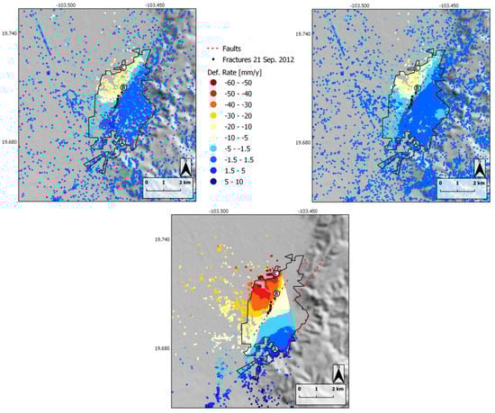 The vertical (Figure 9) and East-West (Figure 10) deformation rate components were calculated combining the ascending and descending S1 data following the well-known relationships [] as follows:
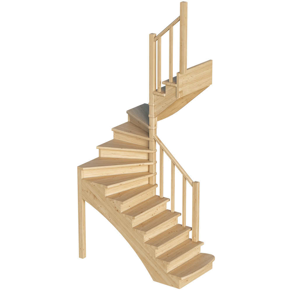 Компактная модель с удобными забежными ступенями послужит оригинальным дополнением любого загородного дома или коттеджа. Это лучшее решение для помещений с ограниченным свободным пространством. Лестница имеет поворот на 180? и выпускается в 4 различных вариантах, что существенно упрощает ее подбор.
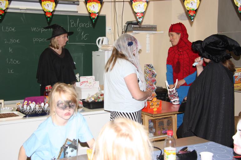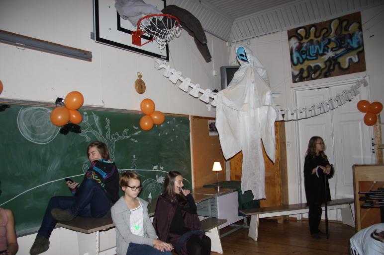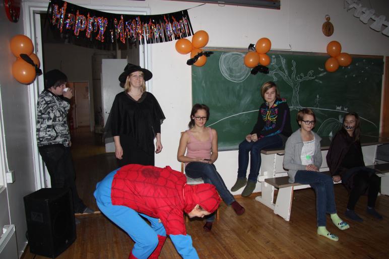Perjantai-iltana 25.10 alkoi koululle saapua hirvittäviä Halloween discoilijoita. Oli noitaa, haamua, draculaa, kissaa, prinsessaa ym...Hui kauhistus. Disco luokassa roikkui hämähäkkejä, haamuja, luurankoja IIIIIKKK.... Puffetissa oli Noita-neiti Minna ja Hämähäkkimies piti huolen turvallisuudesta. Menoa ja meininkiä. Oli myös paperilla tanssi kilpailu, paperi pieneni ja pieneni ja lopuksi oli melkein postimerkin kokoinen palanen, jonka päällä piti seistä yhdellä jalalla ja pyllyä keikuttaa, kyllä olivat taitavia. Tanssin voitti viimevuotinen paperilla tanssin mestari Halina, taito hyppysissä vai olisiko se jaloissa :).
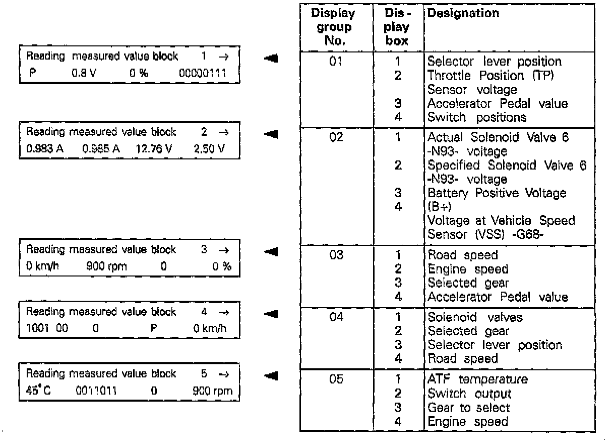 - Press buttons 0 and 8. (To select function 08 "Read measuring value block").
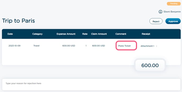 Tip: Rejection comments will be saved to the expense claim so you can review them once the contractor has made a change.
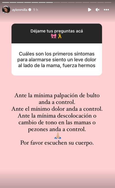 Aylén Milla se ha encargado de compartir parte de este difícil proceso con sus seguidores y seguidoras en

──────────

What to produce:
Line by line, write out the material exactly, leaving the images out.

Answer for the task:
 The vertical (Figure 9) and East-West (Figure 10) deformation rate components were calculated combining the ascending and descending S1 data following the well-known relationships [] as follows:
 Компактная модель с удобными забежными ступенями послужит оригинальным дополнением любого загородного дома или коттеджа. Это лучшее решение для помещений с ограниченным свободным пространством. Лестница имеет поворот на 180? и выпускается в 4 различных вариантах, что существенно упрощает ее подбор.
Perjantai-iltana 25.10 alkoi koululle saapua hirvittäviä Halloween discoilijoita. Oli noitaa, haamua, draculaa, kissaa, prinsessaa ym...Hui kauhistus. Disco luokassa roikkui hämähäkkejä, haamuja, luurankoja IIIIIKKK.... Puffetissa oli Noita-neiti Minna ja Hämähäkkimies piti huolen turvallisuudesta. Menoa ja meininkiä. Oli myös paperilla tanssi kilpailu, paperi pieneni ja pieneni ja lopuksi oli melkein postimerkin kokoinen palanen, jonka päällä piti seistä yhdellä jalalla ja pyllyä keikuttaa, kyllä olivat taitavia. Tanssin voitti viimevuotinen paperilla tanssin mestari Halina, taito hyppysissä vai olisiko se jaloissa :).
 - Press buttons 0 and 8. (To select function 08 "Read measuring value block").
 Tip: Rejection comments will be saved to the expense claim so you can review them once the contractor has made a change.
 Aylén Milla se ha encargado de compartir parte de este difícil proceso con sus seguidores y seguidoras en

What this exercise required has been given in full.